Records from a collection:
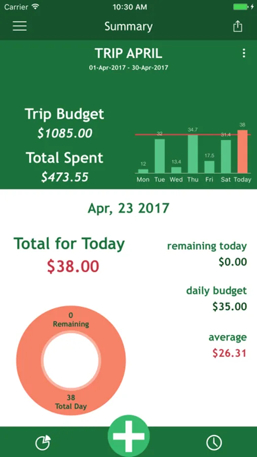 Keep your trip budget under control! Check your daily and weekly expenses. Analyze charts and trends by category or week. Export and share your trip expenses to spreadsheets, email and much more. Take pictures of your receipts or expense details.
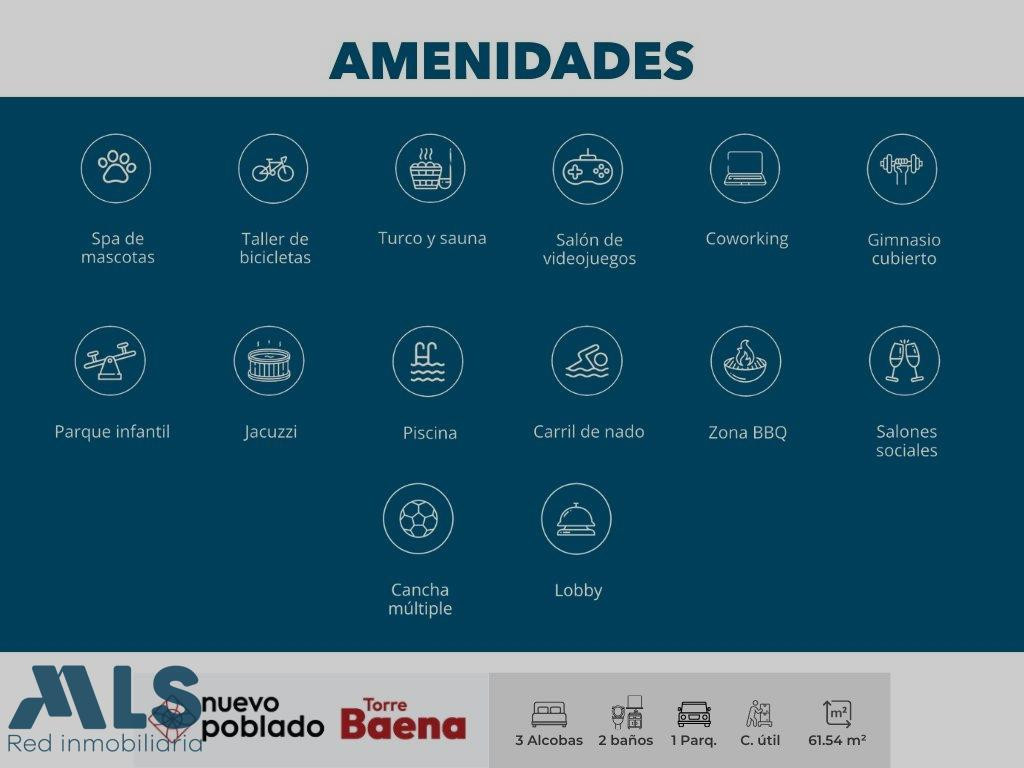 Si estás buscando una excelente oportunidad de inversión o tu próximo hogar en una zona estratégica del sur del Valle de Aburrá, esta cesión de derechos en Nuevo Poblado es para ti CARACTERÍSTICAS DEL APARTAMENTO 3 habitaciones 2 baños Balcón con excelente altura y vista Sala – comedor con distribución funcional Cocina integral Parqueadero incluido Cuarto útil Entrega en acabados básicos Excelente iluminación natural Fecha estimada de entrega Segundo Semestre 2027 Un apartamento moderno, funcional y con gran potencial de valorización por su ubicación estratégica. ZONAS COMUNES QUE MARCAN LA DIFERENCIA Piscina para adultos y niños - Gimnasio dotado - Salón social - Zona BBQ - Zonas verdes - Sauna y turco - Espacios de coworking - Zona para mascotas- Juegos infantiles Esta es una excelente oportunidad para invertir antes de entrega y aprovechar la valorización del sector
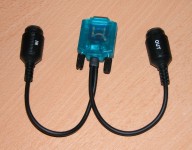 So here we are in thinking that a Pocket PC could handle that! Han-d-solutions from Canada have developed a product called MPort that enables a Pocket PC to play MIDI files and control a connected MIDI device. The set consists of two cables that are connected via a standard SubD-plug. The charme of this solution: One part (left in the photo), the part containing the MIDI In and -Out, can be connected to any Pocket PC sync cable using an nullmodem adaptor, but it can also be connected to the serial port of any PC (more to that later). The second part (right) is used to directly connect to an iPAQ.
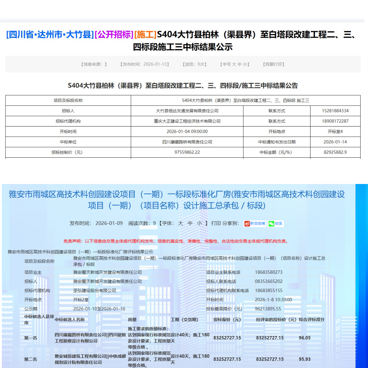 其中,S404大竹縣柏林(渠縣界)至白塔段改建工程中標金額8292萬元,工期24個月;雅安市雨城區(qū)高技術(shù)科創(chuàng)園建設(shè)項目(一期)中標金額8325萬元。此次連續(xù)中標,是康藏路橋公司深入落實“走出去”發(fā)展戰(zhàn)略、積極拓展外部市場的重要成果,標志著公司在跨區(qū)域經(jīng)營方面邁出實質(zhì)性步伐,進一步鞏固了在公路改建和園區(qū)建設(shè)領(lǐng)域的專業(yè)優(yōu)勢與市場地位。
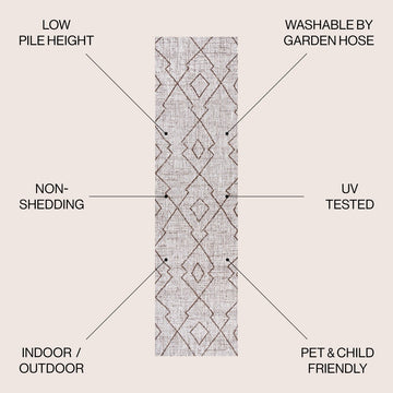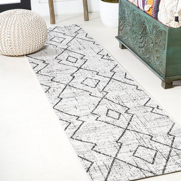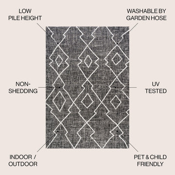 Moroccan influences abound in the geometric design of our tribal-inspired rug. The traditional diamond trellis pattern has the handwoven look popular in mid-century modern interiors. Add graphic impact to a modern living room, dining room, bedroom, kitchen or entry, and create your Boho-chic story with this easy-care rug.
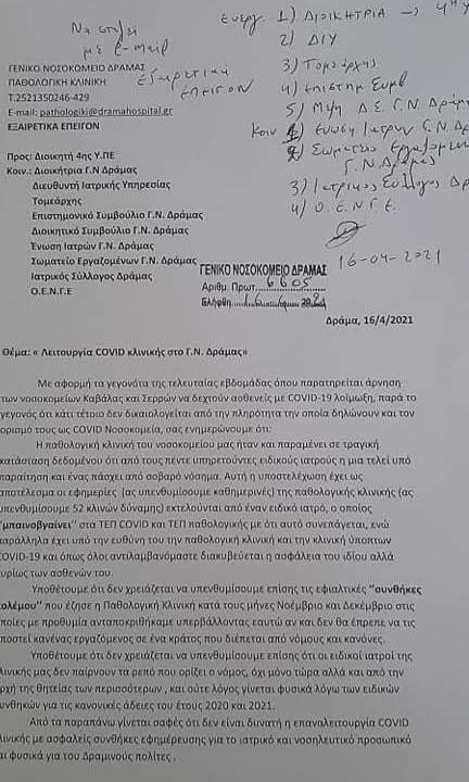 Ένα ιδιαιτέρως σοβαρό ζήτημα θέτουν οι γιατροί της Παθολογικής Κλινικής του Νοσοκομείου Δράμας. Το ζήτημα της νοσηλείας ασθενών με covid-19 οι οποίοι μέχρι τώρα νοσηλεύονταν -όπως όρισαν οι αρμόδιοι -στο Νοσοκομείο Καβάλας.
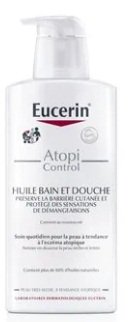EUCERIN AtopiControl Huile Bain et Douche est sans savon et enrichie d'une haute concentration en oméga-3 et oméga-6, pour nettoyer et apaiser en douceur la peau à tendance à l’eczéma atopique. Le nettoyant corporel pour les peaux sèches à tendance à l’eczéma atopique soulage les sensations de démangeaisons et aide à préserver la barrière naturelle de la peau. Même avec un lavage régulier, la peau est protégée contre la sécheresse et les sensations de démangeaisons.
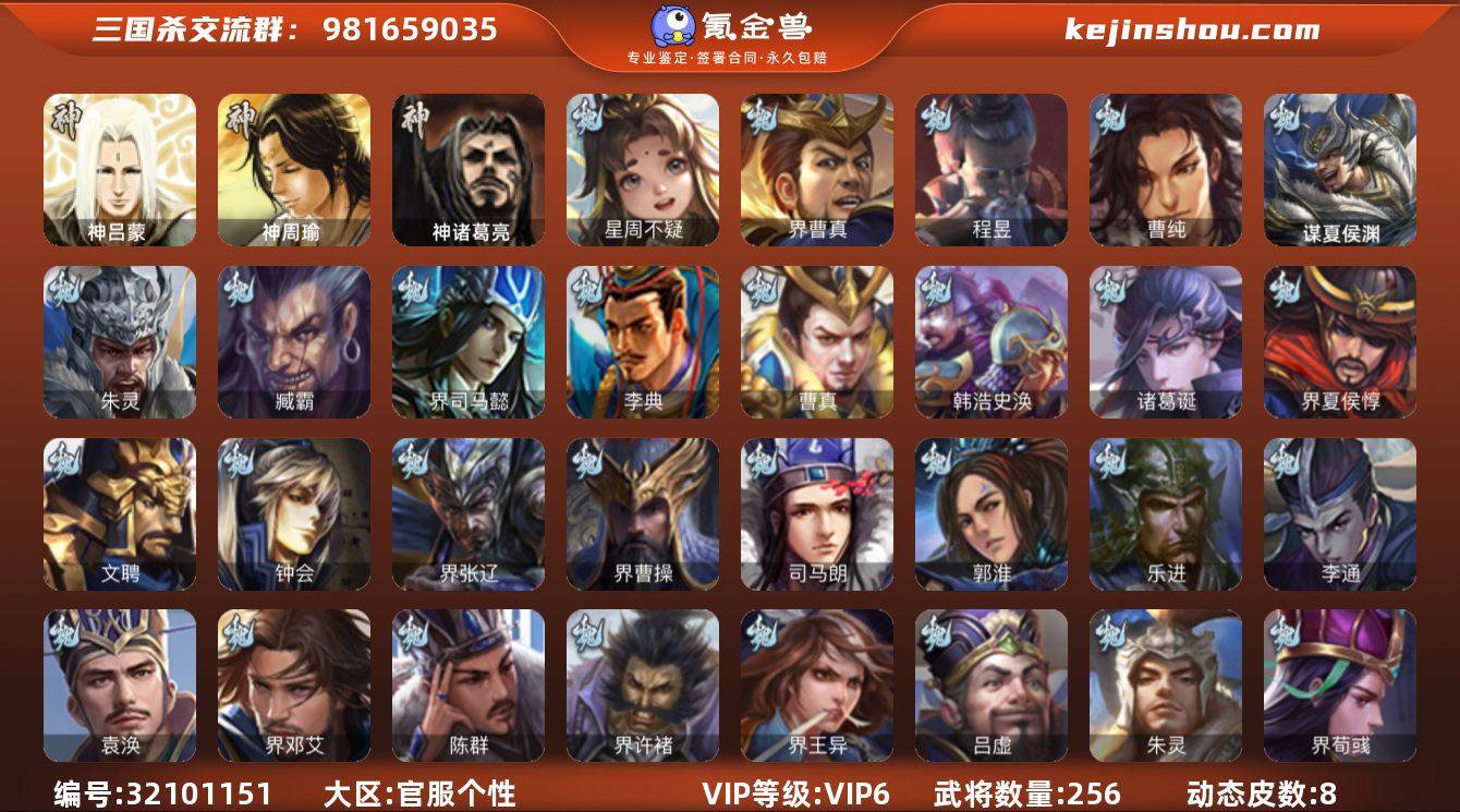 官阶: 骠骑将军 VIP等级: VIP6 武将数量: 256 动态皮肤数量: 8 神将: 神吕蒙,神周瑜,神诸葛亮 魏国武将: 曹纯,程昱,界曹真,张辽,SP蔡文姬,SP关羽,SP姜维,SP庞德,曹昂,曹操,曹冲,曹丕,曹仁,曹叡,王异,鲁芝,界曹植,荀攸,王基,钟繇,郭嘉,荀彧,杜畿,界郭嘉,崔琰,界荀彧,朱灵,吕虔,界王异,界许褚,陈群,界邓艾,袁涣,李通,乐进,郭淮,夏侯惇,曹植,司马朗,谋于禁,界曹操,星周不疑,许褚,界张辽,谋徐晃,张郃,钟会,文聘,界夏侯惇,诸葛诞,司马懿,甄姬,徐晃,韩浩史涣,曹真,典韦,夏侯渊,李典,于禁,邓艾,界司马懿,臧霸,朱灵(国战),谋夏侯渊 蜀国武将: 赵襄,谋马超,谋赵云,谋夏侯氏,徐庶,杨仪,界关羽,界伊籍,费祎,界黄月英,界张嶷,赵云,张松,彭羕,李丰,界刘备,界刘禅,谋姜维,刘封,谋庞统,黄月英,刘巴,关羽,吴懿,吴班,祝融,张飞,魏延,马忠,界法正,糜夫人,刘禅,界赵云,关银屏,SP孙尚香,SP徐庶,卧龙诸葛,周仓,简雍,界关兴张苞,诸葛亮,界张飞,法正,陈到,界马岱,关平,马岱,界庞统,庞统,诸葛果,谋张飞,马谡,马超,廖化,关兴张苞,孟获,夏侯氏,姜维,黄忠,刘备,李严,马良,傅肜,蒋琬费祎,刘谌,彭羕(国战),甘夫人,势陈到 吴国武将: 界徐盛,陆绩,周泰,吕蒙,界顾雍,大乔小乔,许贡,丁奉,谋吕蒙,蒋钦,顾雍,阚泽,界朱治,孙休,严畯,界凌统,祖茂,濮阳兴,界虞翻,界吕蒙,凌操,谋黄盖,孙尚香,程普,大乔,韩当,陆逊,诸葛瑾,吕范,太史慈,虞翻,界黄盖,孙鲁班,界周瑜,卫温诸葛直,孙权,界孙鲁班,界甘宁,甘宁,界大乔,孙坚,孙鲁育,凌统,岑昏,步练师,周瑜,小乔,潘璋马忠,黄盖,吕岱,孙策,界陆逊,界周泰,徐盛,张昭张纮,陈武蕫袭,界张昭张纮,朱桓 群国武将: 杜预,界左慈,沮授,兀突骨,左慈,伏完,华雄,董白,刘琦,袁术,高顺,刘繇,于吉,界公孙瓒,吕布,李儒,公孙瓒,王濬,蔡夫人,樊稠,界张角,星张郃,潘凤,界袁术,陈宫,SP马超,蹋顿,界华佗,贾诩,羊祜,庞德,张宝,刘表,董卓,何太...

*Work instruction*
Every line of the records above must reappear exactly, though the pictures must not.

*Answer section*
 Keep your trip budget under control! Check your daily and weekly expenses. Analyze charts and trends by category or week. Export and share your trip expenses to spreadsheets, email and much more. Take pictures of your receipts or expense details.
 Si estás buscando una excelente oportunidad de inversión o tu próximo hogar en una zona estratégica del sur del Valle de Aburrá, esta cesión de derechos en Nuevo Poblado es para ti CARACTERÍSTICAS DEL APARTAMENTO 3 habitaciones 2 baños Balcón con excelente altura y vista Sala – comedor con distribución funcional Cocina integral Parqueadero incluido Cuarto útil Entrega en acabados básicos Excelente iluminación natural Fecha estimada de entrega Segundo Semestre 2027 Un apartamento moderno, funcional y con gran potencial de valorización por su ubicación estratégica. ZONAS COMUNES QUE MARCAN LA DIFERENCIA Piscina para adultos y niños - Gimnasio dotado - Salón social - Zona BBQ - Zonas verdes - Sauna y turco - Espacios de coworking - Zona para mascotas- Juegos infantiles Esta es una excelente oportunidad para invertir antes de entrega y aprovechar la valorización del sector
 So here we are in thinking that a Pocket PC could handle that! Han-d-solutions from Canada have developed a product called MPort that enables a Pocket PC to play MIDI files and control a connected MIDI device. The set consists of two cables that are connected via a standard SubD-plug. The charme of this solution: One part (left in the photo), the part containing the MIDI In and -Out, can be connected to any Pocket PC sync cable using an nullmodem adaptor, but it can also be connected to the serial port of any PC (more to that later). The second part (right) is used to directly connect to an iPAQ.
 其中,S404大竹縣柏林(渠縣界)至白塔段改建工程中標金額8292萬元,工期24個月;雅安市雨城區(qū)高技術(shù)科創(chuàng)園建設(shè)項目(一期)中標金額8325萬元。此次連續(xù)中標,是康藏路橋公司深入落實“走出去”發(fā)展戰(zhàn)略、積極拓展外部市場的重要成果,標志著公司在跨區(qū)域經(jīng)營方面邁出實質(zhì)性步伐,進一步鞏固了在公路改建和園區(qū)建設(shè)領(lǐng)域的專業(yè)優(yōu)勢與市場地位。
 Moroccan influences abound in the geometric design of our tribal-inspired rug. The traditional diamond trellis pattern has the handwoven look popular in mid-century modern interiors. Add graphic impact to a modern living room, dining room, bedroom, kitchen or entry, and create your Boho-chic story with this easy-care rug.
 Ένα ιδιαιτέρως σοβαρό ζήτημα θέτουν οι γιατροί της Παθολογικής Κλινικής του Νοσοκομείου Δράμας. Το ζήτημα της νοσηλείας ασθενών με covid-19 οι οποίοι μέχρι τώρα νοσηλεύονταν -όπως όρισαν οι αρμόδιοι -στο Νοσοκομείο Καβάλας.
EUCERIN AtopiControl Huile Bain et Douche est sans savon et enrichie d'une haute concentration en oméga-3 et oméga-6, pour nettoyer et apaiser en douceur la peau à tendance à l’eczéma atopique. Le nettoyant corporel pour les peaux sèches à tendance à l’eczéma atopique soulage les sensations de démangeaisons et aide à préserver la barrière naturelle de la peau. Même avec un lavage régulier, la peau est protégée contre la sécheresse et les sensations de démangeaisons.
 官阶: 骠骑将军 VIP等级: VIP6 武将数量: 256 动态皮肤数量: 8 神将: 神吕蒙,神周瑜,神诸葛亮 魏国武将: 曹纯,程昱,界曹真,张辽,SP蔡文姬,SP关羽,SP姜维,SP庞德,曹昂,曹操,曹冲,曹丕,曹仁,曹叡,王异,鲁芝,界曹植,荀攸,王基,钟繇,郭嘉,荀彧,杜畿,界郭嘉,崔琰,界荀彧,朱灵,吕虔,界王异,界许褚,陈群,界邓艾,袁涣,李通,乐进,郭淮,夏侯惇,曹植,司马朗,谋于禁,界曹操,星周不疑,许褚,界张辽,谋徐晃,张郃,钟会,文聘,界夏侯惇,诸葛诞,司马懿,甄姬,徐晃,韩浩史涣,曹真,典韦,夏侯渊,李典,于禁,邓艾,界司马懿,臧霸,朱灵(国战),谋夏侯渊 蜀国武将: 赵襄,谋马超,谋赵云,谋夏侯氏,徐庶,杨仪,界关羽,界伊籍,费祎,界黄月英,界张嶷,赵云,张松,彭羕,李丰,界刘备,界刘禅,谋姜维,刘封,谋庞统,黄月英,刘巴,关羽,吴懿,吴班,祝融,张飞,魏延,马忠,界法正,糜夫人,刘禅,界赵云,关银屏,SP孙尚香,SP徐庶,卧龙诸葛,周仓,简雍,界关兴张苞,诸葛亮,界张飞,法正,陈到,界马岱,关平,马岱,界庞统,庞统,诸葛果,谋张飞,马谡,马超,廖化,关兴张苞,孟获,夏侯氏,姜维,黄忠,刘备,李严,马良,傅肜,蒋琬费祎,刘谌,彭羕(国战),甘夫人,势陈到 吴国武将: 界徐盛,陆绩,周泰,吕蒙,界顾雍,大乔小乔,许贡,丁奉,谋吕蒙,蒋钦,顾雍,阚泽,界朱治,孙休,严畯,界凌统,祖茂,濮阳兴,界虞翻,界吕蒙,凌操,谋黄盖,孙尚香,程普,大乔,韩当,陆逊,诸葛瑾,吕范,太史慈,虞翻,界黄盖,孙鲁班,界周瑜,卫温诸葛直,孙权,界孙鲁班,界甘宁,甘宁,界大乔,孙坚,孙鲁育,凌统,岑昏,步练师,周瑜,小乔,潘璋马忠,黄盖,吕岱,孙策,界陆逊,界周泰,徐盛,张昭张纮,陈武蕫袭,界张昭张纮,朱桓 群国武将: 杜预,界左慈,沮授,兀突骨,左慈,伏完,华雄,董白,刘琦,袁术,高顺,刘繇,于吉,界公孙瓒,吕布,李儒,公孙瓒,王濬,蔡夫人,樊稠,界张角,星张郃,潘凤,界袁术,陈宫,SP马超,蹋顿,界华佗,贾诩,羊祜,庞德,张宝,刘表,董卓,何太...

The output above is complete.